--- SOURCE MATERIAL ---

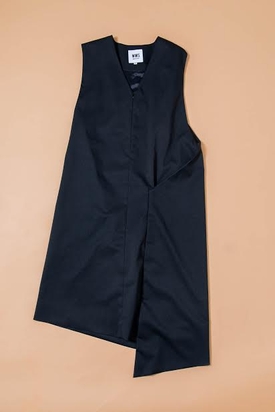 アシンメトリーなデザインが特徴的なワンピースは、フロントのセンターラインや深めのVネックで細見えにも効果的。外見崩れがしない設計で、大きなポケットも嬉しいポイント。アクセサリーなど小物でアレンジすれば、お呼ばれ服としても重宝する一着。
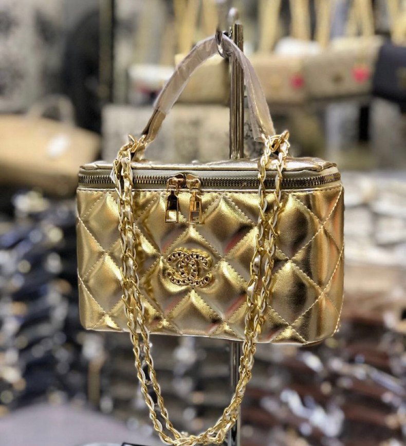 Zincir Detaylı Parlak Altın Kadın Çanta
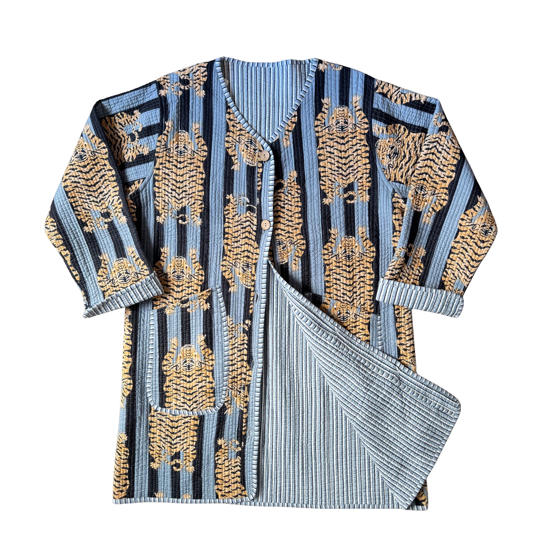 Reversible quilted coat featuring an all-over tiger motif on one side + striped contrast print on the reverse
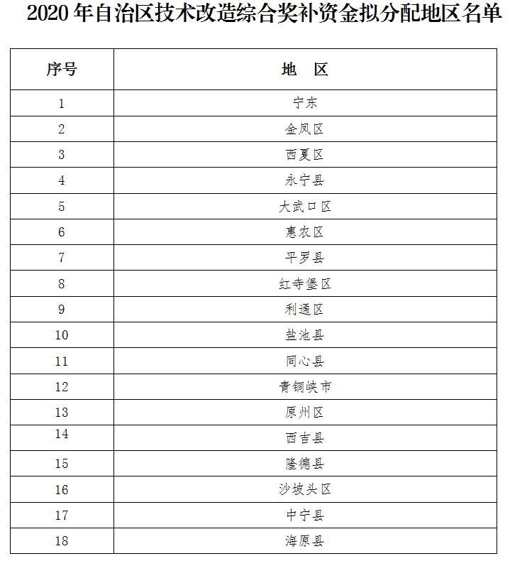 根据《自治区党委 人民政府关于推进创新驱动战略的实施意见》(宁党发〔2017〕26号)和《宁夏回族自治区技术改造综合奖补资金管理办法(暂行)》(宁财规发〔2018〕12号)有关要求,自治区工信厅、财政厅联合组织开展了2020年工业企业技术改造综合奖补资金申报工作。经各地申报、综合考评、会议审定等程序,初步提出2020年自治区技术改造综合奖补资金拟分配地区名单(见附件),现予公示。公示期自2020年6月10日至6月16日,时间为5个工作日。
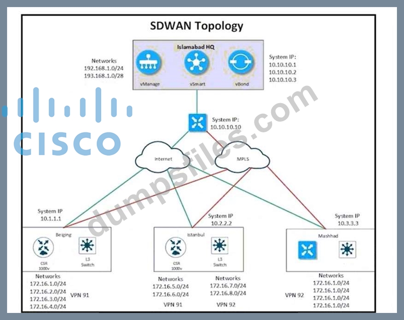 - Q222. Refer to the exhibit (Exhibit) Refer to the exhibit Cisco SD-WAN is deployed with controll...
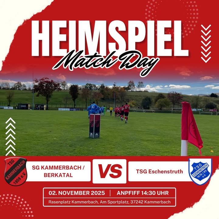 Am kommenden Sonntag steht für unsere Erste das letzte Heimspiel des Jahres an. Um 14:30 Uhr erwarten wir die TSG Eschenstruth, die formstarke Mannschaft konnte in den letzten Spielen, vor allem gegen andere Mannschaften aus den aktuellen Top 5 überzeugen und so den Anschluss an diese wiederherstellen. Zuvor trifft unsere Dritte um 12:30 auf die Zweite Mannschaft des SC Eintracht Germerode und schließt damit die Hinrunde ab. Wir freuen uns über eure Unterstützung ????⚫️⚽️
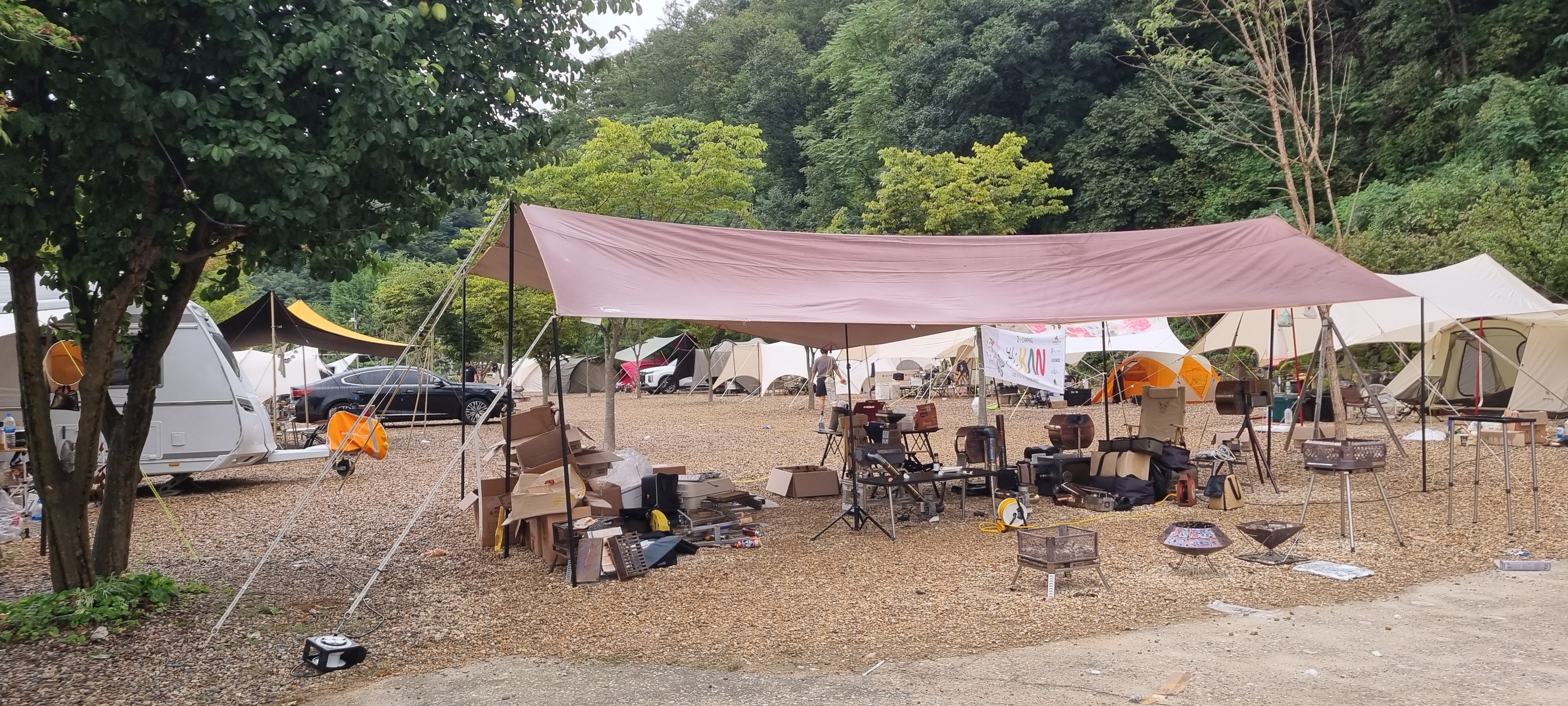 텐트와 캠핑 장비 사이로 웃음소리와 대화가 흘러나왔고, 자연 속에서 1박 2일을 보내는 그들의 모습에서 젊음의 활력이 느껴졌습니다. 맑은 공기와 산 아래의 풍경이 더해져, 캠핑이 단순한 휴식이 아니라 삶의 활력과 추억을 쌓는 소중한 시간임을 새삼 느낄 수 있었습니다.
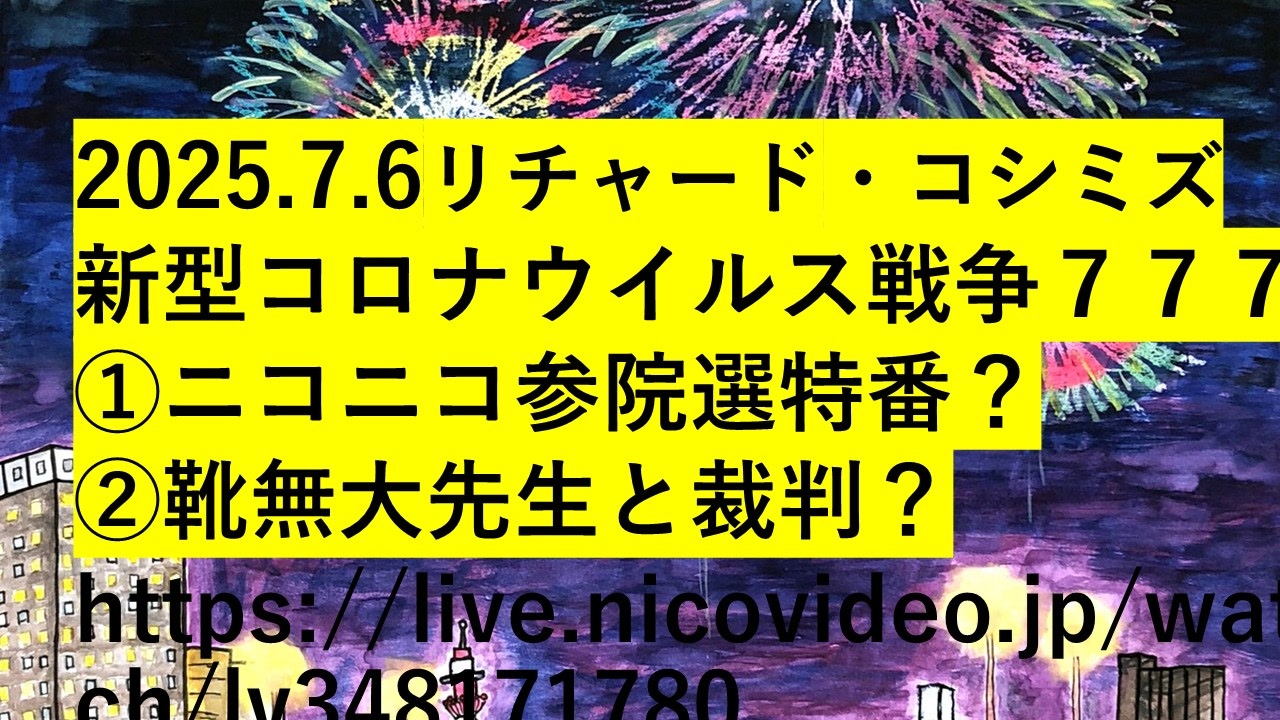 2025.7.6リチャード・コシミズ新型コロナウイルス戦争777<br>①ニコニコ参院選特番?<br>②靴無大先生と裁判?<br>
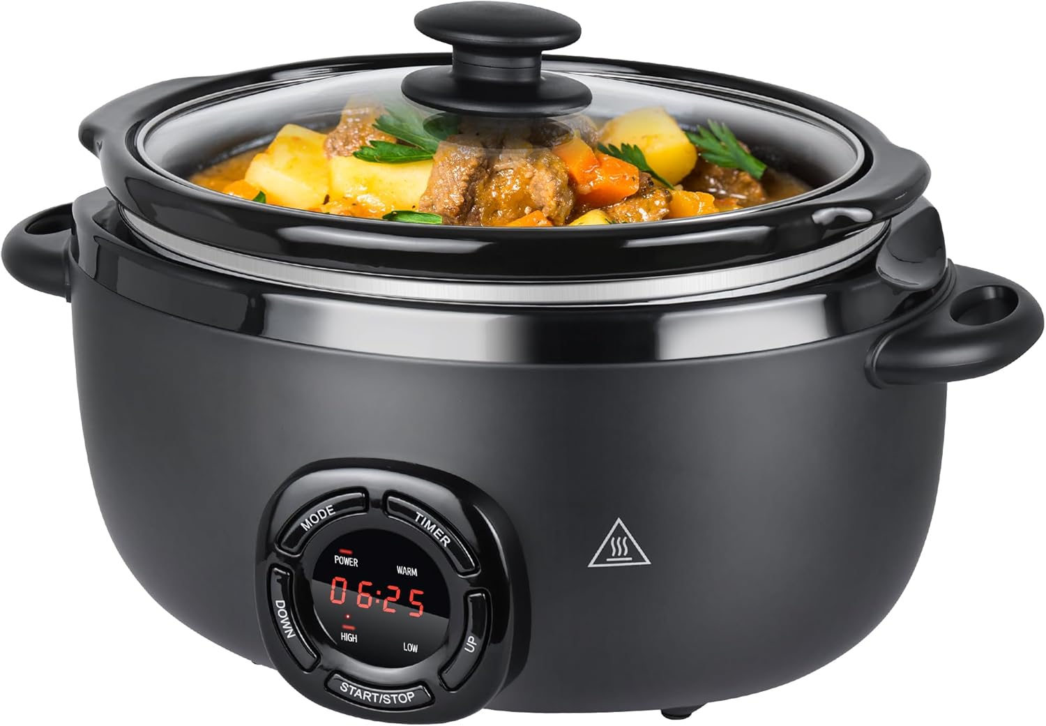 - 【Safe and Efficient Operation】The digital slow cooker operates at 120V 320W, providing efficient and reliable performance for slow cooking, braising, roasting, and steaming, offering a versatile solution for preparing a wide range of recipes.

---

Would you set down only the lines above from the line with "根据《自治区党委 人民政府关" to the line with "- Q222. Refer", both included, exactly as they stand and without the pictures?

EXERCISE ANSWER ::
 根据《自治区党委 人民政府关于推进创新驱动战略的实施意见》(宁党发〔2017〕26号)和《宁夏回族自治区技术改造综合奖补资金管理办法(暂行)》(宁财规发〔2018〕12号)有关要求,自治区工信厅、财政厅联合组织开展了2020年工业企业技术改造综合奖补资金申报工作。经各地申报、综合考评、会议审定等程序,初步提出2020年自治区技术改造综合奖补资金拟分配地区名单(见附件),现予公示。公示期自2020年6月10日至6月16日,时间为5个工作日。
 - Q222. Refer to the exhibit (Exhibit) Refer to the exhibit Cisco SD-WAN is deployed with controll...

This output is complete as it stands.